EDINBURGH (Reuters) - Scotland’s devolved parliament will hold its own vote on Britain’s European Union withdrawal deal before any such agreement is put to Britain’s national parliament, Scottish constitution minister Michael Russell said on Thursday.
A Scottish parliamentary vote would not be binding on the UK parliament but would potentially embarrass Prime Minister Theresa May, underscoring the low in relations between London and Edinburgh over Brexit and potentially feeding Scottish nationalism.
Britain voted overall 52-48 percent to leave the EU in 2016 but Scotland, one of its four nations, voted 62-38 percent to stay in the EU.
Britain is due to leave the EU in March and ministers say a deal is close. But Brexit talks are stalled due to a disagreement over the border between British province Northern Ireland and EU-member Ireland, and hampered by internal wrangling in May’s minority government.
Many, including Scotland’s First Minister Nicola Sturgeon, fear this could scupper an overall deal, hampering trade and causing economic uncertainty.

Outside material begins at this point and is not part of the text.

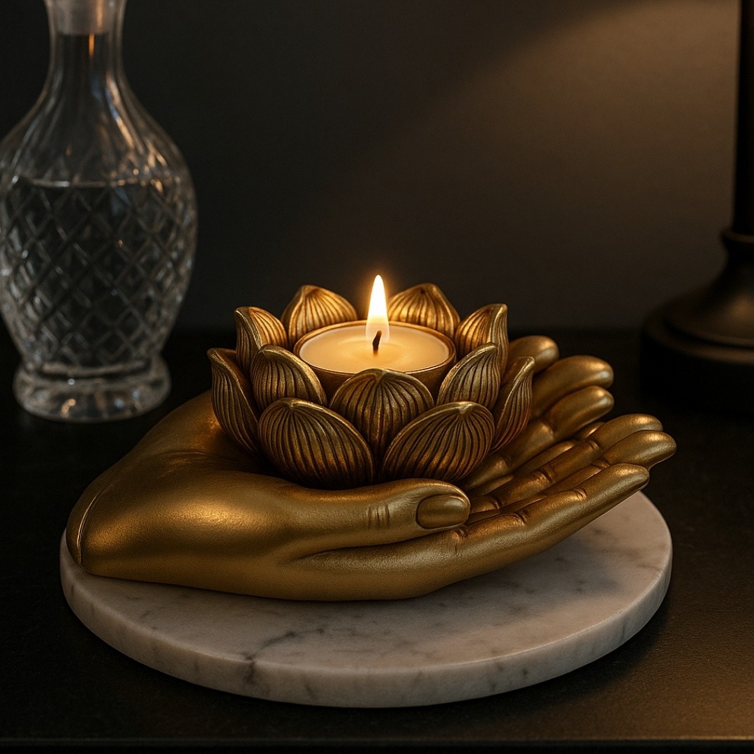 Stylowy świecznik w kształcie dłoni – symbol wsparcia i światła

“On this most crucial of matters, Scotland must be and will be heard,” Russell told Scotland’s Holyrood parliament.
“If the UK government puts the option of staying in the EU single market and customs union on the table, we will commit ourselves to support it. We will reject every other option short of staying in the EU,” Russell said, spelling out the Scottish government’s commitment to the single market.
He added: “If a withdrawal agreement and political declaration are in the end concluded and offered to (Britain’s lower chamber) the House of Commons, then we make this commitment: before the Westminster parliament votes on that deal, the Scottish government will seek to ensure the Scottish parliament will pass its own judgment on it.”